The ‘smart money’ has been busy thanks to the rise in stock market volatility

Last month we revealed which stocks hedge funds had been shorting in the second quarter after the remarkable post-Liberation Day rally which has seen UK and UK markets hit record highs.

This month, with the help of Joachim Klement and Susana Cruz of Panmure Liberum’s strategy, economics and ESG team, we take a look at which UK and European stocks are most popular with hedge funds and which stocks they have been buying and selling.

TECH AT THE TOP

Hedge funds get a bad rap from some companies and investors for selling stocks in order to profit from a fall in the share price, but in most cases they will have done a great deal of research on the stocks in question and concluded they are either bad businesses, badly-run businesses or they are overvalued and will therefore underperform.

By the same token, they only buy shares in companies they believe will outperform, on the basis they are better-than-average or undervalued, which means they often take quite contrarian bets and their ‘active share’ – that is the proportion of the portfolio which is different to the benchmark – tends to be quite high.

The second quarter of this year saw a spike in stock market volatility and political uncertainty due to the fallout from the Liberation Day tariff announcement, which presented investors – hedge funds included – with a huge opportunity set.

According to the 10-Q filings of around 2,000 hedge funds, the most popular – as in widely-owned – European stock is Dutch semiconductor equipment maker ASML (ASML:AMS) with some 309 funds owning the shares or 15.1% of the total, and 23 funds holding the stock among their top 10 positions.

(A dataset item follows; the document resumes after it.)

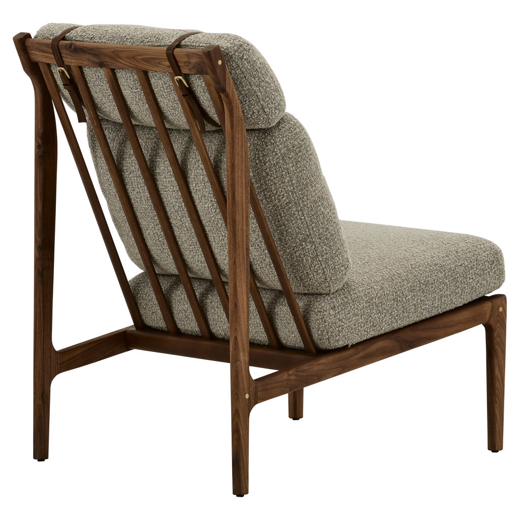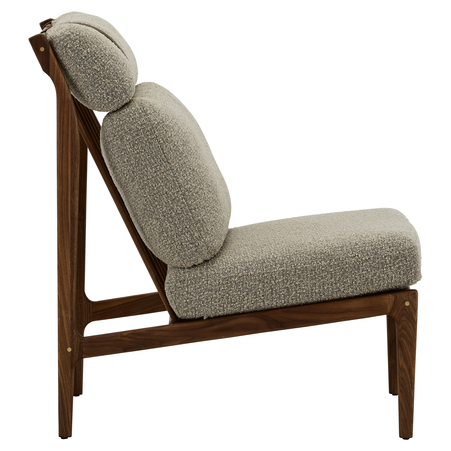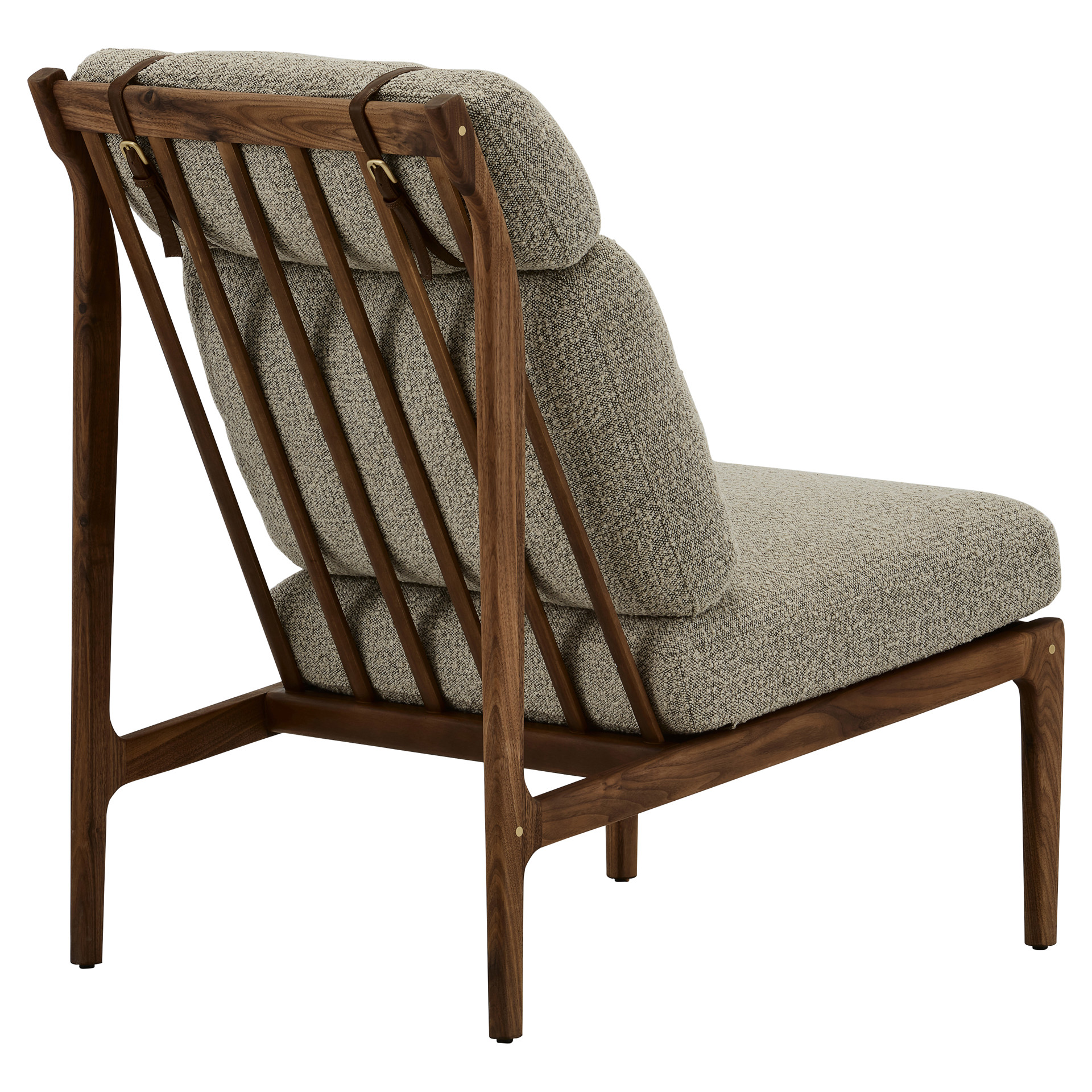 Generous cushions, secured with slender leather straps, provide enveloping support while adding a refined touch.

Considering tariffs weren’t introduced on semiconductors, and the fact there is a shortage of large-cap tech stocks in Europe compared to the US, ASML is not a bad choice, and it seems as though hedge funds added to their positions in the second quarter, taking advantage of the initial sell-off.

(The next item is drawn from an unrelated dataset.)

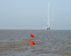 图1.3.1 江苏沿海波浪站分布与响水近海波浪站SBF3-1型海上浮标系统现场图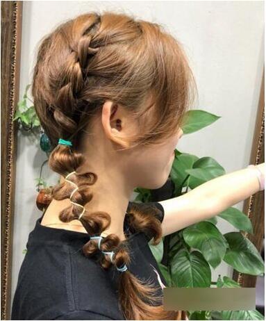 斜劉海髮型梳在了臉頰邊緣,用了細細的絲帶綁起來的女生燈籠辮髮型,斜劉海順著髮際線梳到後 側,雙閘閥髮型編起來比較蓬鬆,中長發髮型一直編到了後脖頸髮際線,剩餘的發尾才做了交疊辮 子。

The next most widely-owned stocks were energy firm Shell (SHEL), health care companies Novo Nordisk (NOVO-B:CPH) and Novartis (NOVN:SWX) and consumer goods giant Unilever (ULVR).

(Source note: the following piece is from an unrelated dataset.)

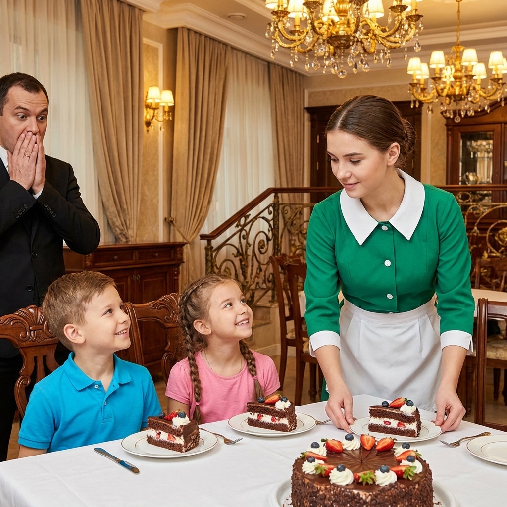 Gabriel levantó la mano para callarla. No miraba a la niñera. Miraba a sus hijos. Valentina tenía bigotes de chocolate y estaba riendo mientras Lucas intentaba robarle un trozo de su plato. Estaban sucios. La cocina era un caos de harina y trastes sucios. Pero estaban vivos. Estaban felices. Al ver a su padre, el miedo cruzó por un segundo los ojos de Lucas, condicionado por meses de “silencio y orden”. Pero Valentina, impulsada por la euforia del azúcar y el amor, saltó de la silla. “¡Papi! ¡Hicimos el pastel de mamá! ¡Pruébalo!”. Corrió hacia él con un plato de plástico y un trozo deforme de pastel. Gabriel tomó el plato. Sus manos temblaban. Miró a Elena, que estaba en una esquina fregando los platos, tratando de hacerse pequeña, esperando la sentencia. Gabriel probó el pastel. El sabor era rústico, dulce, casero. Una lágrima solitaria rodó por su mejilla. Ese sabor rompió la presa que había construido alrededor de su corazón.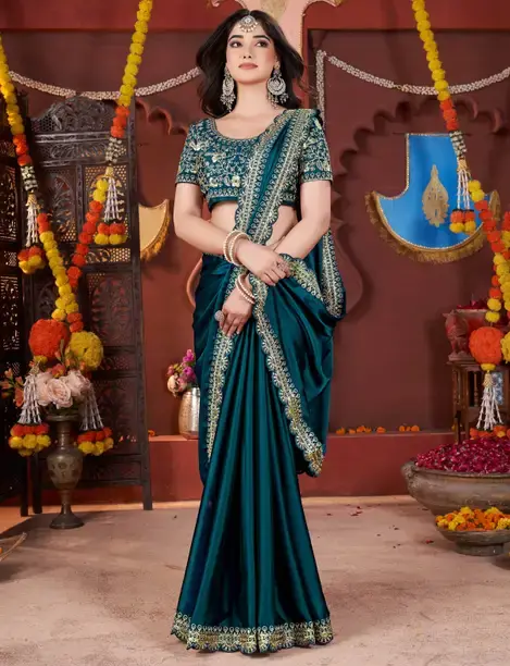 Trend :Solid saree with contrast border, Heavy Designer Look, Night Party, Occasional Sari/Party Sari, Festive Look

As Klement and Cruz note, the list of most popular stocks is mostly made up of companies which aren’t directly affected by tariffs, such as healthcare, services or commodities.

‘Hedge funds are trying to stay out of the way of geopolitical uncertainties where possible,’ conclude the analysts.

Focusing on the stocks most commonly found in hedge funds’ top 10 holdings throws up three more interesting names, Belgian biotech firm Argenx (ARGX:EBR), Spanish biotech Grifols (GRF:BME) and Irish budget airline Ryanair (RYAAY:NASDAQ).

WAXING AND WANING

If we look at the most significant changes in holdings during the quarter, outside of the most popular stocks – which funds are wont to trade in and out of as prices move up and down – there are some notable entries with.

The stock which saw the most buying interest in the second quarter, relative to the first quarter, were Dutch insurer Aegon (AGN:AMS), Swiss industrial equipment and robot-maker ABB (ABBN:SWX), French cosmetics firm L’Oreal (OR:EPA) and two UK media companies, Pearson (PSON) and WPP (WPP).

The last two are a prime example of contrarian thinking, given they are among the worst-performing stocks in the FTSE 100 year-to-date.

On the flip side, stocks with the largest decline in holdings among hedge funds during the quarter include defence contractor BAE Systems (BA.) and medical devices firm Smith & Nephew (SN.), two of the best-performing stocks in the index this year, suggesting managers feel it is time to book some profits.

Also noteworthy is the drop in popularity of Danish diabetes and weight-loss drug maker Novo Nordisk, which although it still appears on the most-held list is owned by fewer hedge funds than previously, suggesting hedge funds are ‘increasingly giving up on a turnaround’ after a 43% fall in the share price year-to-date, muse the analysts.